I work from home as well....


----------



## jluther (Sep 19, 2008)

I work full time in an office, but am looking for an additional part time job working remotely for weekends and evenings.


----------



## punkyboo (Sep 20, 2008)

I work from home too.

~Kat, CPC


----------



## harshila (Sep 21, 2008)

from office and from home


----------



## ndugger4 (Sep 21, 2008)

Remote - 12 years.


----------



## mmelcam (Sep 22, 2008)

I work three days in office and two days at home. I also am looking for additional remote work for nights and weekends.


----------



## gentrta1 (Sep 22, 2008)

*How many remote?*

I work from home and in office.

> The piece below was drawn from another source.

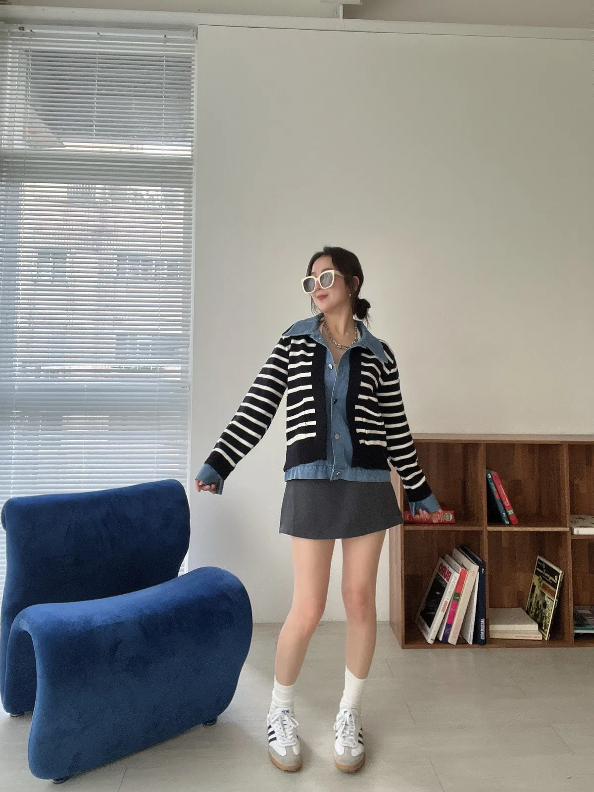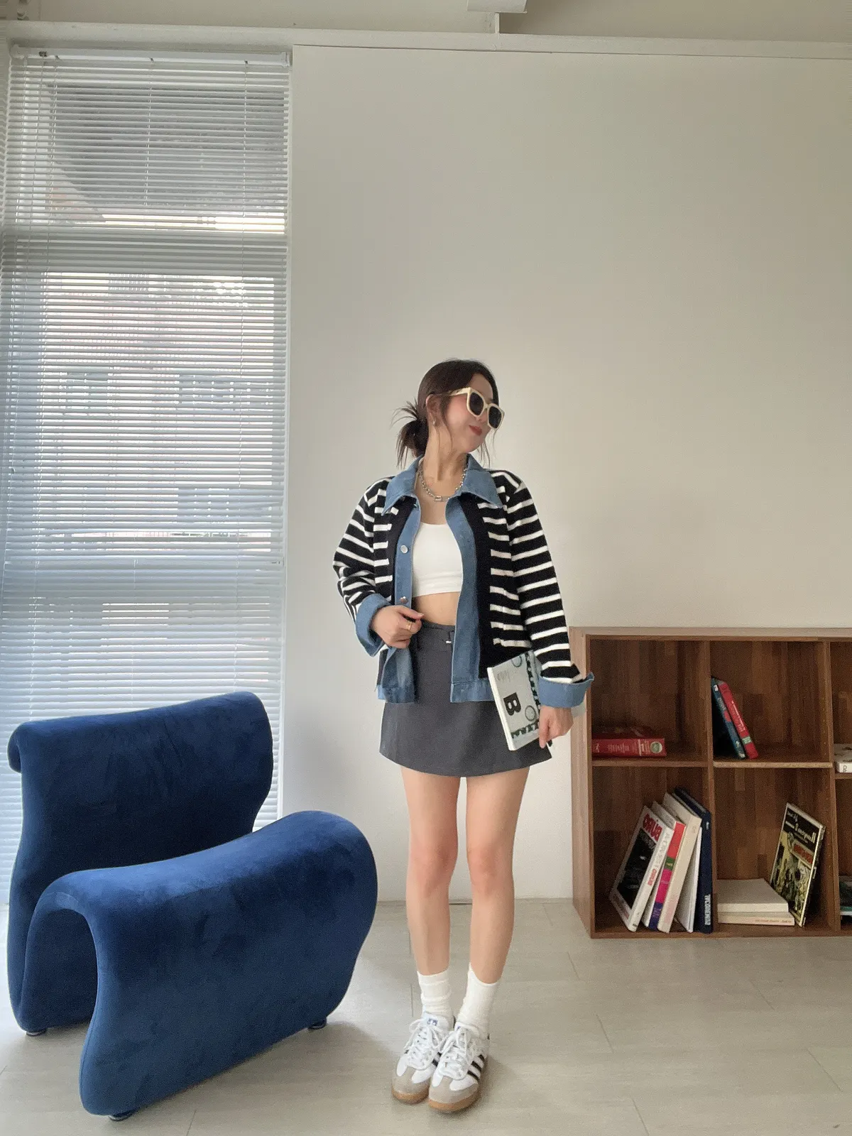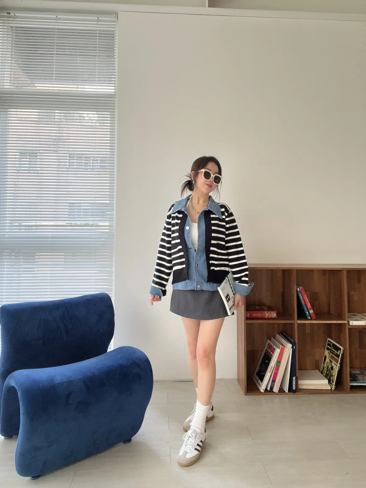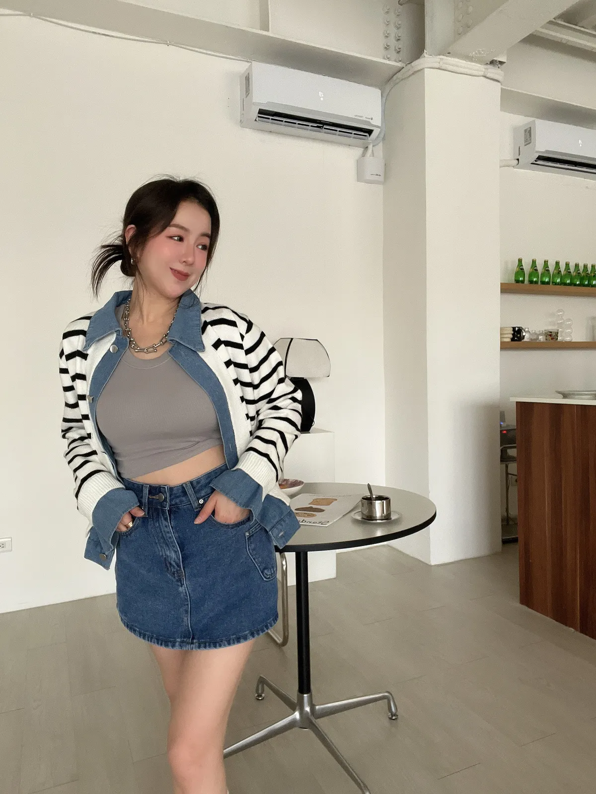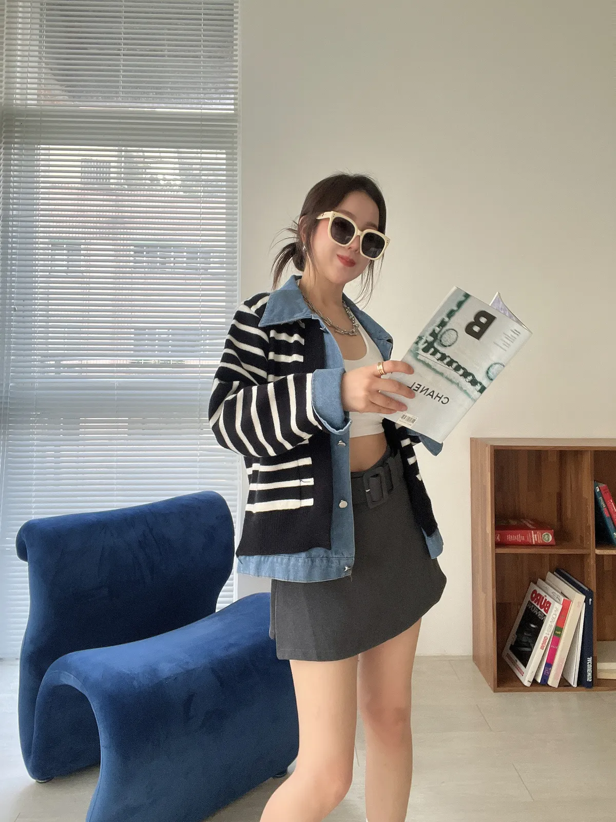 時髦💫假兩件針織拼接牛仔外
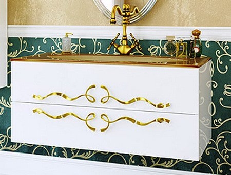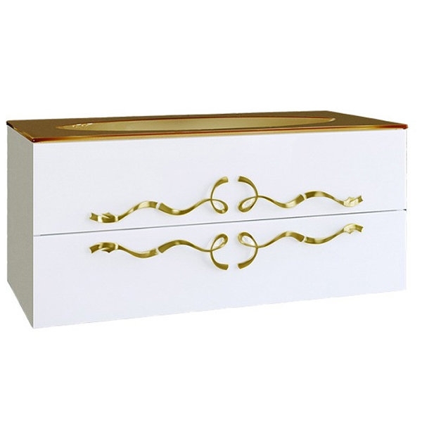 Подвесная тумба под раковину Aqwella Clarberg Due amanti 120 Due.01.Due.01.12/W/GL белаяглянцевая, с двумя выдвижными ящиками, с аккуратными и изящными золотыми ручками. Для использования в ванных комнатах с повышенной влажностью.

My job is not straight coding though, its a combo if coding, revenue managment, billing, teaching infusion billing to depts hospital wide, lots of variety which I love!

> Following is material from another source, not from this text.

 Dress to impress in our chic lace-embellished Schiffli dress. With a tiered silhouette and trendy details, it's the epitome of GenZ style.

Tamara M. Gentry, RHIT,CPAR,CPC


----------



## Cristine (Sep 22, 2008)

Kelly,
When do you do your weekly job posts?  On this site?  Thanks


----------



## Cheree Cicoff (Sep 22, 2008)

*Cheree Cicoff-CPC*

Can someone tell me where I may find a remote postion from my home I have been applying like crazy


----------



## KellyCPCCPCO (Sep 22, 2008)

I post either Monday night or Tues morning.


----------



## Stacey (Sep 22, 2008)

I work from home.


----------



## claudiacpc (Oct 10, 2008)

Both and enjoy the flexibility!


----------



## KellyCPCCPCO (Oct 10, 2008)

I find the flexibility to be the best thing for me. I have no set hours but have to audit 500 claims a week. So if my daughter has an appt I can take her and make up time in the evenings.


----------



## babsgb2003 (Oct 14, 2008)

I already have a full-time job, but I am looking to do remote coding for 10 hours a week...does the company that you work for allow you to work the amounts of hours that you want?


----------



## KellyCPCCPCO (Oct 14, 2008)

Yes they do. But I know they are not looking to do any hiring at this time. When they do I will post an announcement.


----------



## magnolia1 (Oct 14, 2008)

In a hospital office.

Karen Maloney, CPC
Data Quality Specialist


----------



## liny (Oct 24, 2008)

ok who are some of these remote companies where do i find them?


----------



## demetriary (Oct 25, 2008)

I work remote from home


----------



## jennsomers (Oct 25, 2008)

Both. I Have A Very Flexible Schedule. I Work For 2 Seperate Practices So I Am At The Office And At Home. I Make My Own Schedule.


----------



## nelsong5 (Oct 25, 2008)

I personally cannot work from home, too close to the fridge and a TV, i get distracted easily.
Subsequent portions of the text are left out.